Personal information
- Full name: Luke David Berry
- Date of birth: 12 July 1992 (age 34)
- Place of birth: Cambridge, England
- Height: 5 ft 10 in (1.77 m)
- Position: Midfielder

Youth career
- 0000–2010: Cambridge United

Senior career*
- Years: Team / Apps / (Gls)
- 2010–2014: Cambridge United / 128 / (22)
- 2014–2015: Barnsley / 31 / (1)
- 2015–2017: Cambridge United / 94 / (29)
- 2017–2024: Luton Town / 158 / (24)
- 2024–2026: Charlton Athletic / 57 / (8)

= Luke Berry =

English footballer (born 1992)

Luke David Berry (born 12 July 1992) is an English professional footballer who plays as a midfielder. He is currently a free agent.

==Career==
===Cambridge United===
Born in Cambridge, was in Cambridge United's youth setup before making the step up to the first team squad in July 2009.

===Barnsley===
On 29 July 2014, Berry signed for Barnsley, who were newly relegated into League One on a three-year contract for an undisclosed fee. He made his Football League debut in their 1–0 opening day defeat at home to Crawley Town, in which he was substituted for Nana Boakye-Yiadom in the 78th minute. Berry scored his first goal for Barnsley in a Football League Trophy tie against Oldham Athletic on 7 October 2014, which they lost 4–2 in a penalty shoot-out after the match finished as a 2–2 draw. He scored his first league goal with a stoppage time equaliser in a 1–1 draw at home to Peterborough United on 18 April 2015.

===Cambridge United===
On 15 June 2015, Berry re-signed for Cambridge United on a four-year contract for an undisclosed fee. He scored four goals in their 4–0 win at home to Coventry City in the FA Cup second round on 4 December 2016, ensuring their progression to the third round.

===Luton Town===
On 25 August 2017, Berry signed for League Two rivals Luton Town on a three-year contract for an undisclosed fee, with the option of a further year. He helped the club gain promotion to League One in his first season, followed by winning the Championship in his second season and finally the EFL Championship playoffs in 2023, whilst scoring for Luton in all three of the lower leagues.
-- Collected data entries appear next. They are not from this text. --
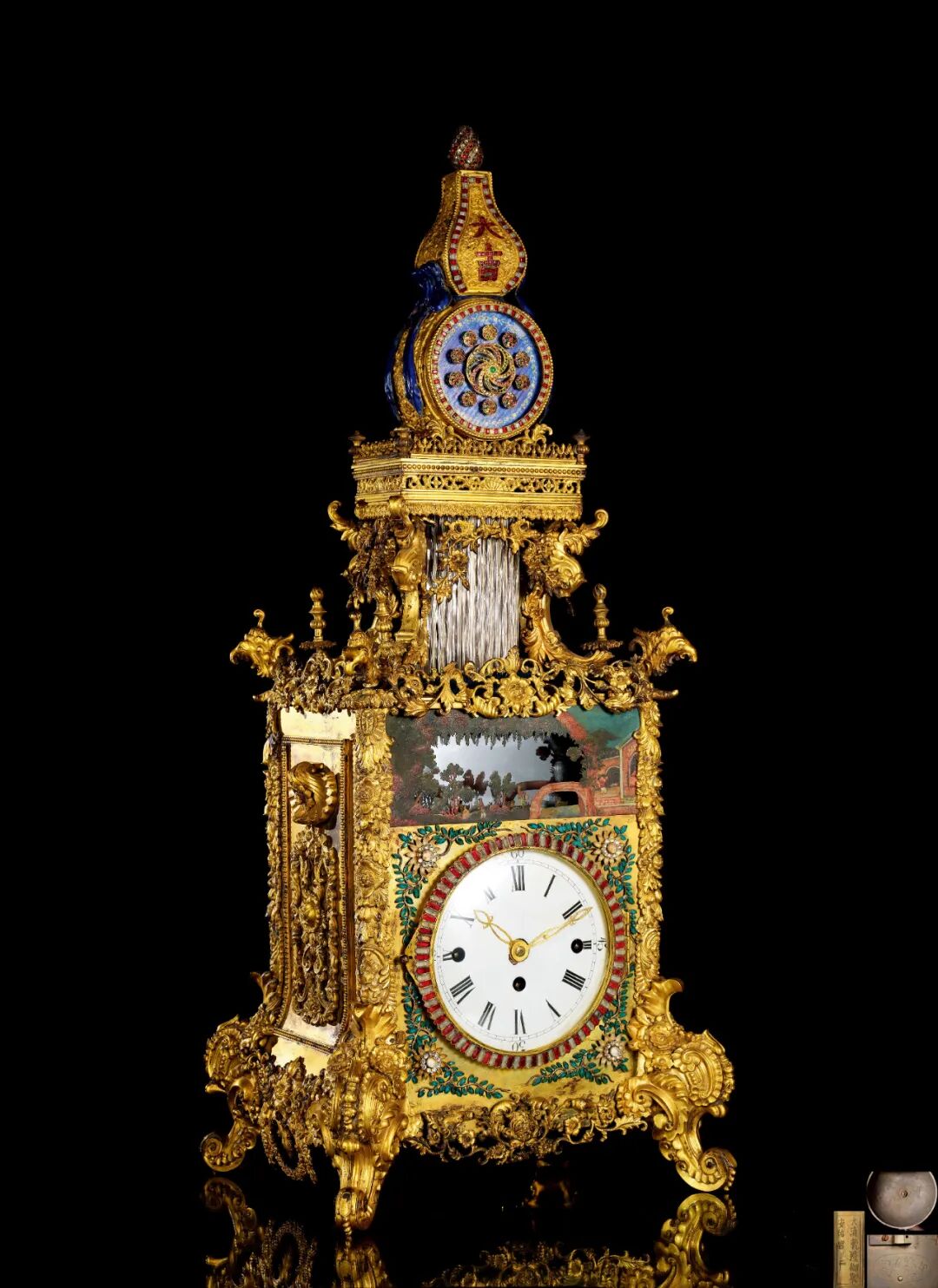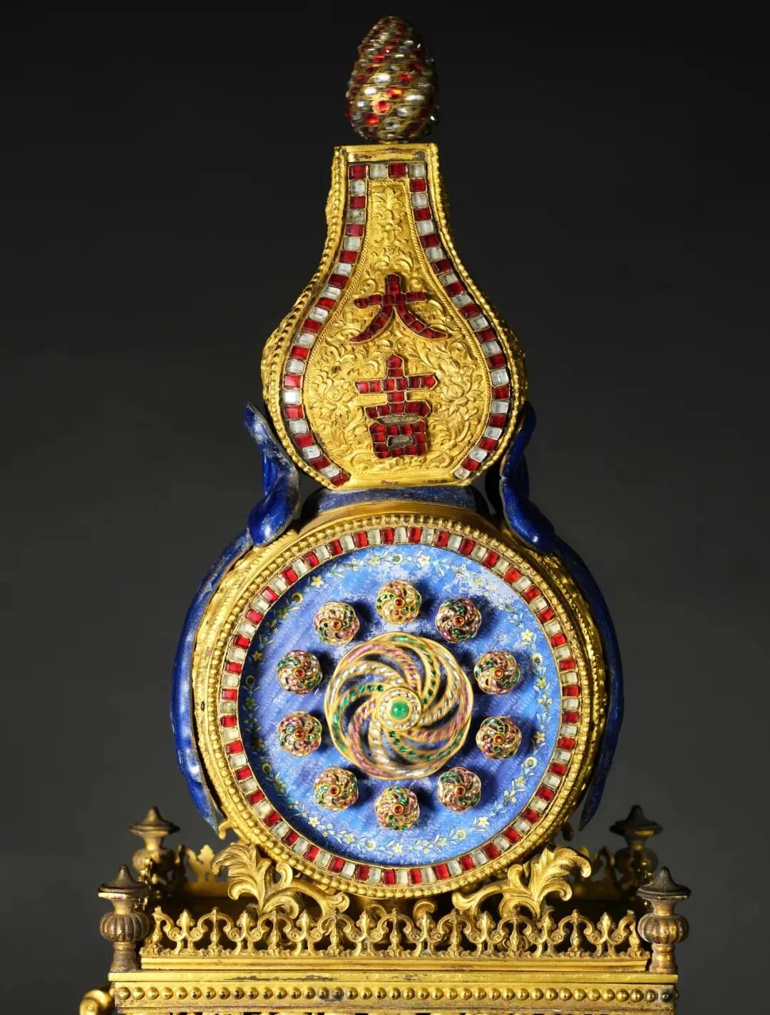 此钟精致工巧,备极崇丽,宝光瑞色,矞矞皇皇。远瞻其形,俨如崇台杰阁,令观者仰首堕帽。俯察内堂,仿佛曲房洞户,让入者迷不得出。造构三层,摹拟金阙之势,骈罗百宝,备集瑶台之美。上为铜鎏金珐琅嵌料石大吉葫芦,内设机关,自成一体。顶饰料石菠萝花,腰缠蓝珐琅绶带。上腹珠玑琉璃拼作“大吉”二字,下腹开光蓝地画珐琅转盘,凤尾转花,如宿拱斗,小者环列,大者居央。赤瑕密缀,珠翠满镶。其下为开光西洋田园人物布景。下为钟箱,贝耳如扇,四足翻卷,门户在后,晷盘居前。深藏机奥,轮行而刻转,盛饰金石,精雕而细篆。金葩纠缦,莨苕繁演,葳蕤扶疎,勃然伸展。底耸高垂,上呼而下应,布局谨严,纷错而不乱。表盘之面,玉叶琼枝缭绕四角,随珠火齐增华周沿。指针镂空,教堂塔尖之样式,辰界分度,南匠巧手所勾填。与此相类的座钟见于北京保利2011年春拍编号7232,拍品来源自美国帕特丽夏·克鲁吉(Patricia Kluge)旧藏,曾经陈设在亚伯马尔豪邸(Albemarle House),成交价为78,200,000元。本品与帕特丽夏所藏在形制上不分伯仲,仔细对比,可见在细节上互有长短,难分高下,同属稀世之珍。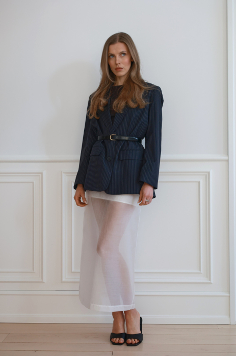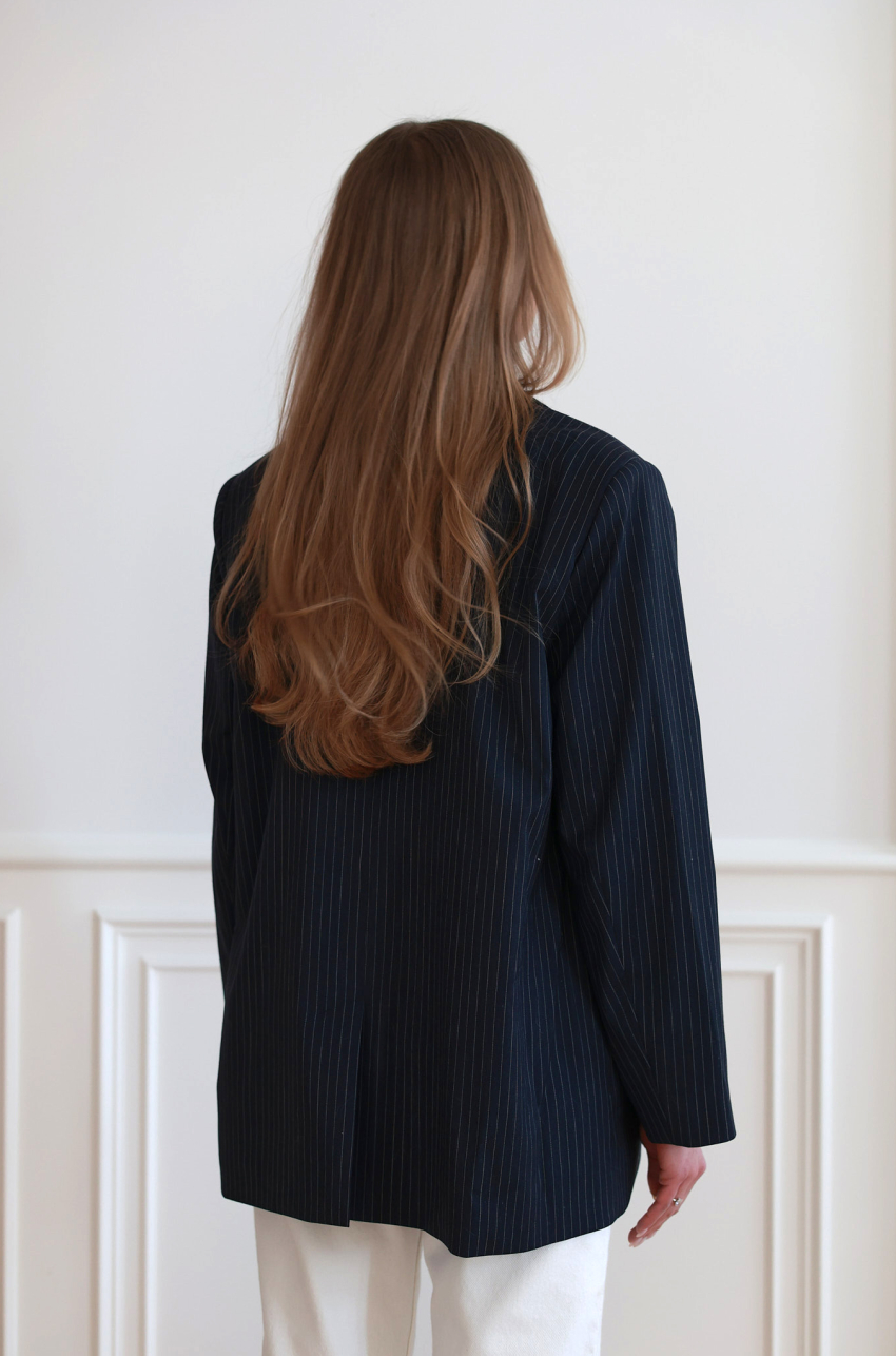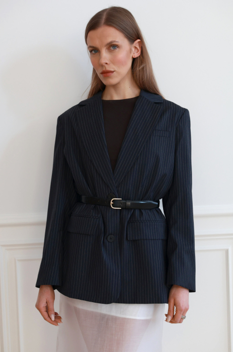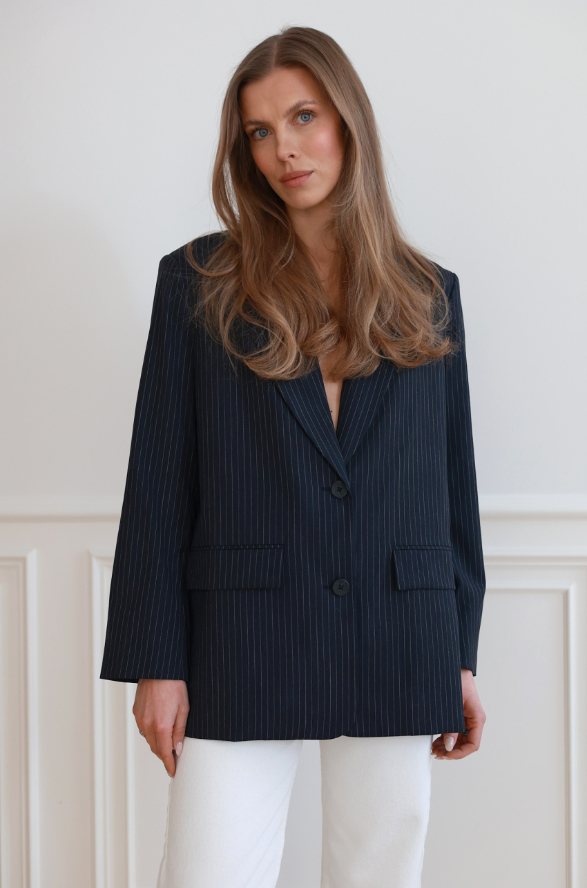 Granatowa marynarka o prostym, lekko oversize’owym kroju. Wykonana z miękkiej tkaniny garniturowej w drobne, pionowe paski. Zapinana na szylkretowe guziki. Z przodu klasyczne klapy i kieszenie z patkami. Posiada podszewkę.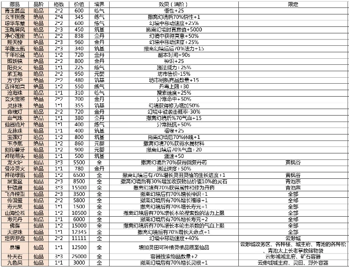 幻境修仙特色藏品获取指南:青玉算盘、玄玉棋盘,黄枫谷寻找;琼华车辈、玉雕屏风,青池宗获取;净心莲座、翔天梭、羊脂玉瓶,全地图搜集;吉祥如意、沧海珠,云渺城探索;灵脉珠、命魂灯,青池宗高层储物袋夺取;龙脉珠、仙器残片,云渺城城主府及矿石容器搜索。

Berry scored in a 1–1 home draw against Nottingham Forest on 16 March 2024, making him the first player to score for Luton in all of the top four divisions of English football. On 24 May 2024, it was announced Berry would be leaving the club after Luton chose not to exercise the one-year extension in his contract in order to allow him to gain first-team opportunities elsewhere.

===Charlton Athletic===
On 17 June 2024, it was confirmed that Berry would join League One side Charlton Athletic on a two-year deal with the option of another year when his contract at Luton Town expired on 1 July 2024.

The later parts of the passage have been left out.